На другой день выяснилось, что Пётр Алексеевич так и не уснул. Всю ночь тошнило. «Вот тебе и морфин! Что же теперь делать? Чем обезболивать?».

Пётр Алексеевич сделался суров и как бы внутренне-решителен.

— Вызову сына. Пускай везёт в К… Надо что-то делать.

— Правильно, Пётр Алексеевич. Всё-таки, не зря они там сидят. Подберут вам хорошую схему лечения, и всё будет хорошо.

Умирающий посмотрел на меня искоса со своим обычным робким полунедоверием-полунадеждой. Я уверенно кивнул на его взгляд. Он тоже молча покивал, как-то неопределённо уставившись в пространство перед собой. Я побудил его не падать духом, выписал рецепт на транквилизатор и отбыл на работу. Больше я Петра Алексеевича не видел. Он умер через 2 дня, кажется, в Т… Через неделю в квартиру № 1 заселился его внук, парень лет двадцати, с девушкой-красавицей родом из Шевцова. После формального знакомства мы формально здоровались при встрече; более или менее тёплых отношений между нами не сложилось. Они тоже ругались. Не так часто и не так громко, как Николай Иванович с Галиной Николаевной, а всё же, — по-своему, по-юношески. Через месяц за стенкой сделалась свадьба. Часов до трех ночи компания там пьянствовала и громко крутила попсу. Рома не мог уснуть. Мы решили «отомстить» и поставили через колонки на полную мощь «Время менять имена» «Алисы». Свадьба несколько смутилась. Музыку сделала потише, но продолжила пьяно орать. Под это Рома всё же уснул. Иногда, по пути в огород, я встречал на крыльце молодую соседушку. Она была худая, длинноногая, смазливая и, как и все девушки в этом Просцове, изо всех сил почему-то желавшая показать, что она городская, а здесь — так, случайно. Мы здоровались, и я чувствовал отдалённо в её интонациях что-то вроде заигрывания. Мне подумалось, что рановато они поженились. Почему-то я не мог отделаться от брезгливого отношения к ним, возможно из-за тёплой памяти к серьёзному, тихо-страдающему, мило-простому и жалкому Петру Алексеевичу. Я был уверен почему-то, что их брак априори обречен; слишком уж часто и глупо они лаялись, будучи медовой прыщавой спермой обмазанными.

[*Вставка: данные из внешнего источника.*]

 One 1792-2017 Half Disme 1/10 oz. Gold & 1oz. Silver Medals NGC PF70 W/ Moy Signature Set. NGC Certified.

Смерть. В моей квартире — маленькая круглоглазая, точащая зубы о прутья кроватки жизнь, а за стенкой — багровая, сжирающая изнутри, равнодушная, тяжёлая, изматывающая болью, бессонницей и усталостью старая смерть. Всё закономерно. Всё — своим чередом. Чужая смерть. Медицинский работник — это такой зверь, который относится к чужой смерти, как к чему-то бесконечно будничному, не трогающему и даже скучному. А если умерший, к тому же, — пациент, то известие о его смерти несёт даже оттенок положительной эмоции, мол, одним надоедалой меньше. Конечно, всё это — вариант личной психологической защиты, элемент вынужденной профессиональной необходимости. Но, впрочем, и у многих так. Это подобно тому, как Чехов прописал в своём «Крыжовнике»: «благодушно тащат на кладбище своих покойников».

Валентина Алексеевна, медсестра стационара, отдыхая на кушетке, пока доктор в миллионный раз выводит за столом своё «дыхание везикулярное»:

— Вы слыхали, Игорь Петрович?

— Что?

— Константинов умер, Павел Иванович.

— Да ну!?.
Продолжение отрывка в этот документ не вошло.